The Lincoln Town Car had 45.4" or rear legroom and was the perfect sedan for taller livery passengers.
The Town Car L models had Maybach levels of rear legroom and still under 50k. It was pretty much built like a tank and could easily do 1,000,000 miles with proper maintenance.
Look at the cars these days by comparison. They'd be fine for the Japanese, but not for big fat American Uber Black passengers.
Lincoln really should offer an updated version of the Town Car's bulletproof drivetrain for the Continental, but unfortunately it won't.
http://www.autobytel.com/car-buying...st-rear-legroom-under-50-000-for-2015-128067/


----------



## EcoboostMKS (Nov 6, 2015)

My MKS has about as much legroom as my town cars. Had a 2000, 2004, and 2007. None were the L's though. 

I sold my 2004 at 400k miles and the guy after me got it up to 600k before selling it to someone else. Those cars really are tanks.


----------



## Sal29 (Jul 27, 2014)

According to Edmonds, there's a huge difference in rear legroom between the Town Car and MKS.
http://www.edmunds.com/car-reviews/...0000-with-the-most-rear-legroom-for-2011.html


----------



## EcoboostMKS (Nov 6, 2015)

I've owned both and they both seem pretty close to me. I keep my passenger side seat pushed all the way up and there's plenty of room back there. I don't notice and my regular customers haven't mentioned anything about any difference. But again, I've never owned an L town car. I've been in them and those have noticeably more leg room.


----------



## Sal29 (Jul 27, 2014)

I'm not saying that the MKS has no legroom. It has good legroom, but the Town Car was in the league of the Rolls Royce Phantoms and Maybachs of the world in rear legroom. Yoy just can't buy a new car with that kind of legroom under 50k these days.


----------



## EcoboostMKS (Nov 6, 2015)

The town car was a great car. No doubt about it. Problem is they're for a niche market and the look was really outdated. Unless you drove the car for limo work, you really don't care about an extra 5" of legroom in the backseat. And unless you were a limo driver, you'd probably never even want to own a town car.
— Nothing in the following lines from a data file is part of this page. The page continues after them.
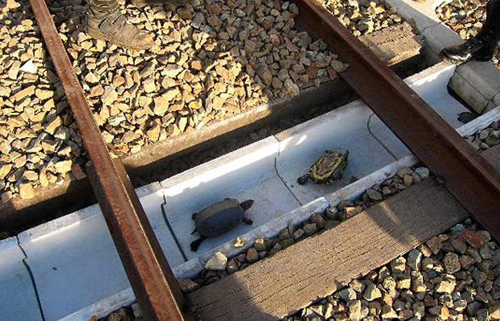 Kompanitë hekurudhore japoneze kanë filluar instalimin e tuneleve për breshka, që ju mundëson atyre të kalojnë nën binarët e trenit dhe kështu shmangen fatkeqësitë.
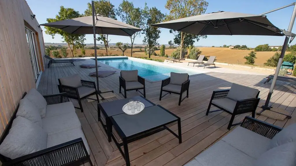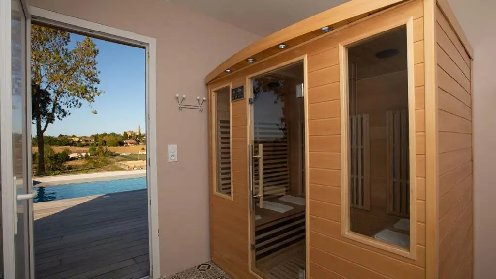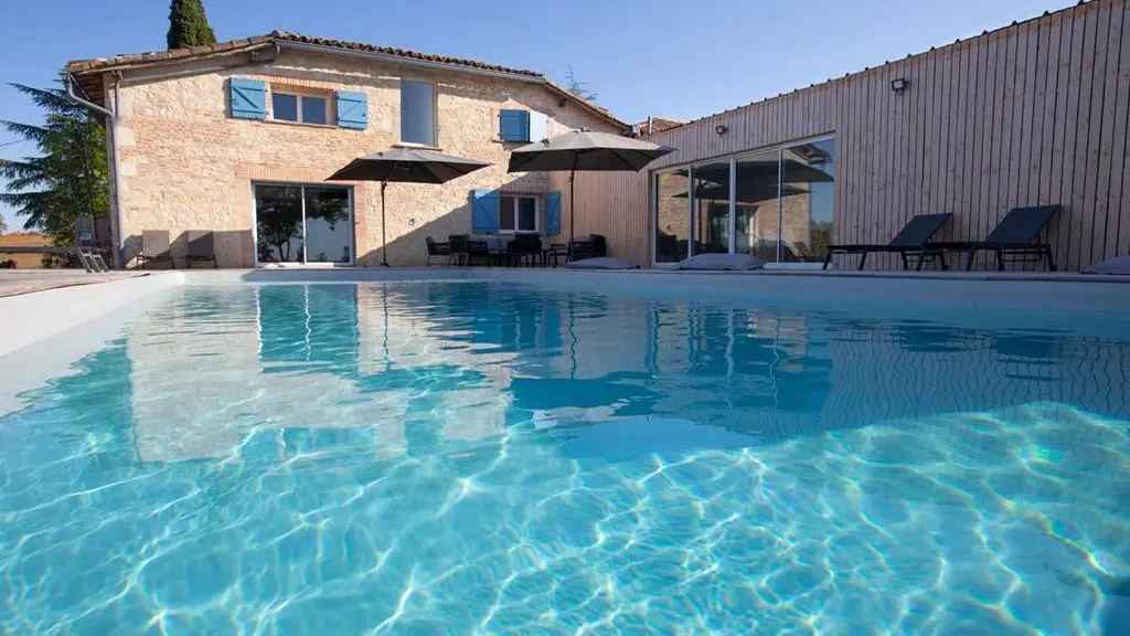Aquí "el espíritu familiar tiene una vista del pueblo de Faudoas, sus colinas y campos agrícolas. Cocina de verano acondicionada a lo largo de la playa junto a la piscina, piscina climatizada y jacuzzi noruego, sauna en el baño contiguo al piscina con wc. Suficiente para pasar unas vacaciones de ensueño aquí "como una familia". Casa de campo independiente, a 500 m del pueblo de Faudoas.
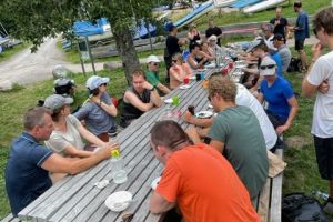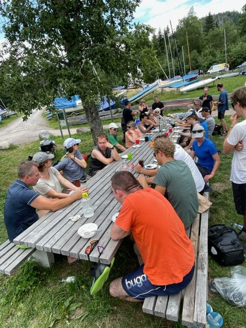 Am HSCF Sommerfest Wochenende gab es viel zu erleben: Am Samstag fanden zahlreiche Einweisungen auf den Vereinsjollen statt und die gesamte Jollenflotte war auf dem Wasser. Zwar ist die angekündigte Mini 12er Wettfahrt zu unserem Bedauern ausgefallen, stattdessen wurde spontan der Kanu-Bahia-Wettbewerb ins Leben gerufen. Am Sonntag gab es eine kurze Theorieeinheit zum Thema Sicherheit beim Jollensegeln und praktische Übungen im Kentern, Aufrichten und im Umgang mit der Rettungsinsel. Außerdem Kaffee und Kuchen für alle am großen Tisch, Grillen und Lagerfeuer im Naturcamp sowie herrliche Wetterkapriolen. Wir haben wie immer alles auf Foto festgehalten, schaut es nach in unserer Bildergalerie.

They're nice cars with tons of room and comfort, but they're work cars that were built to last and take beatings.


----------



## MothMan (May 15, 2016)

There are other longer wheelbase offerings in the luxury market that give extra legroom in the back.

http://www.roadandtrack.com/new-car...ews/a17569/four-long-wheelbase-luxury-sedans/


----------



## Jimmy Bernat (Apr 12, 2016)

I think any car with at least 37 inches of rear leg room is great .
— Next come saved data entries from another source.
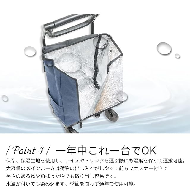 【一年中これ一台でOK】保冷、保温生地を使用しているので、アイスやドリンクを運ぶ際にも温度を保って運搬可能。水滴が付いても染み込まない生地を採用し、季節を問わず通年で快適にご使用いただけます。
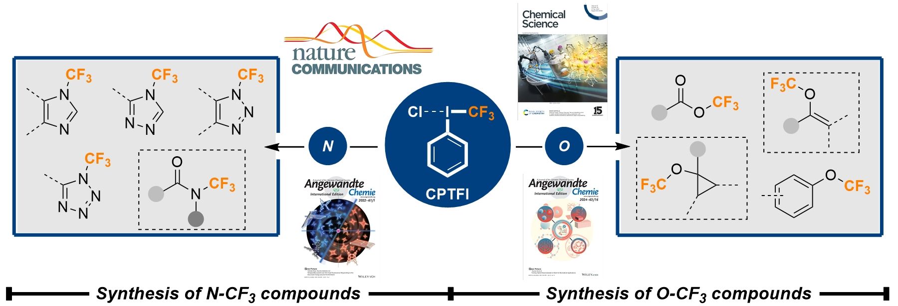三氟甲基(CF3)与N/O杂原子结合的化合物在医药、农药、功能材料领域都有重要的应用。然而含N-CF3和O-CF3官能团化合物的相关合成方法发展缓慢,主要原因是当CF3与含有孤对电子的杂原子相连后,相关的反应中间体或产物稳定性...
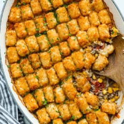 Cowboy Casserole is creamy, cheesy, and topped with crispy tater tots. A hearty, budget-friendly dinner that’s kid-approved and weeknight easy.
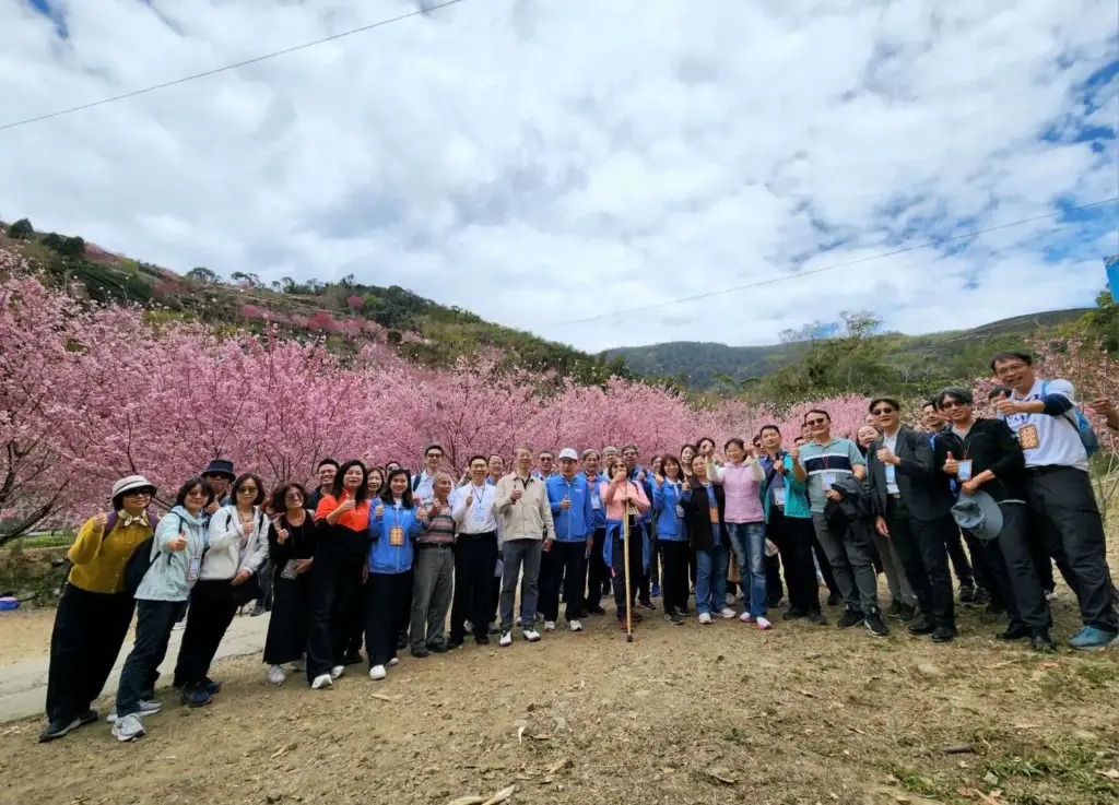 115年雲林縣官學醫及院檢調平台第一次聯繫會議於草嶺召開,與會人員於會前欣賞盛開櫻花。
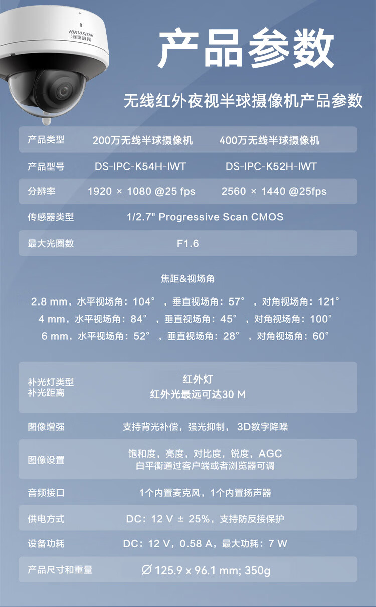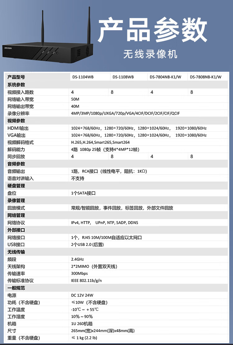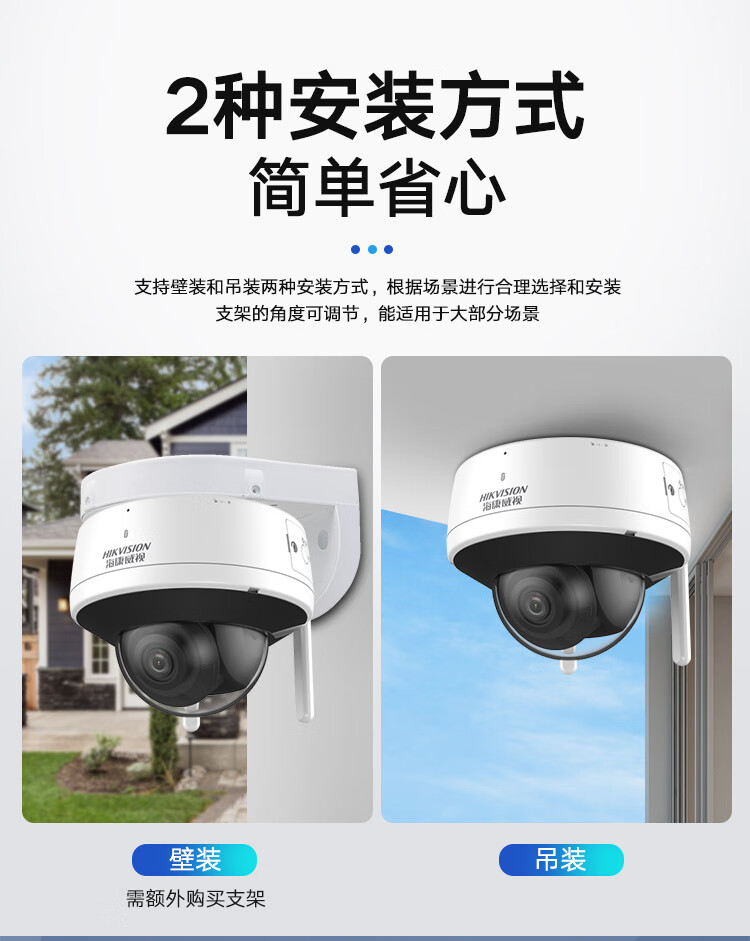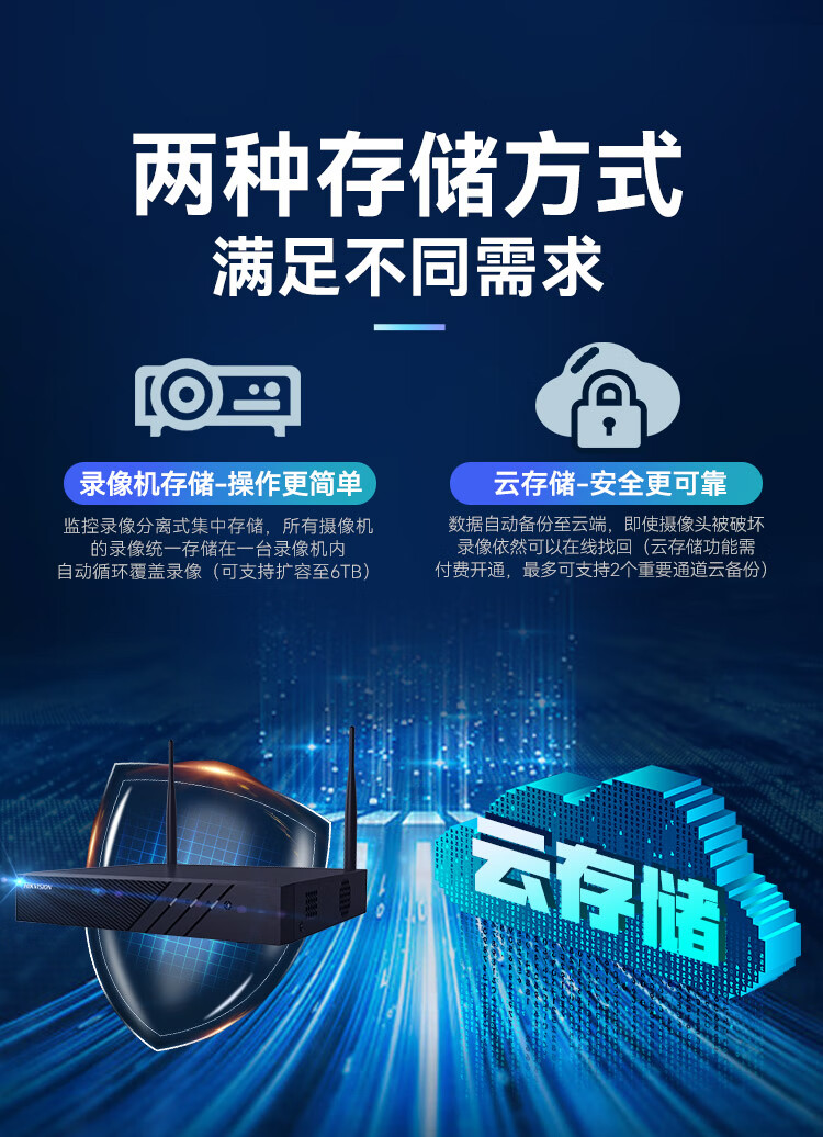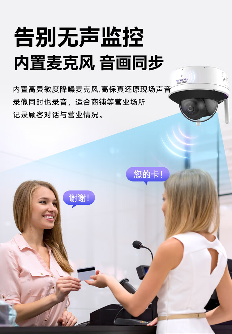 HIKVISION海康威视监控摄像头套装4路2T400万超高清监控器摄像机无线WIFI室内手机远程语音对讲安防探头

I know my pax really appreciate the 39.5 inches of rear leg room in my Passat (more then a current 7 Series or A8 non L) and really that's more then enough room , you can be 6'4" and use a laptop, put your cross one leg on top of the other no issue . I think anything over 40 inches is probably over kill (unless it's specifically for Limo service)

My Bimmer on the other hand with it's 34.6 is a little on the snug side. I'm a 6 foot fat american and if I get in the back I can fit behind myself but it's definitely not roomy

I remember having a Lincoln Continental in High School it was a 94 I believe that thing has a huge back seat not town car status but it was big , I think over 40 inches

I've thought about getting a town car specifically for ubering but the gas mileage just isn't there. If I could get a Town Car to hit 25mpg highway I'd be all over it . Since a 2008 or newer (Denver Select cut off) can be had for under $4k


----------



## CM30518 (Jan 10, 2017)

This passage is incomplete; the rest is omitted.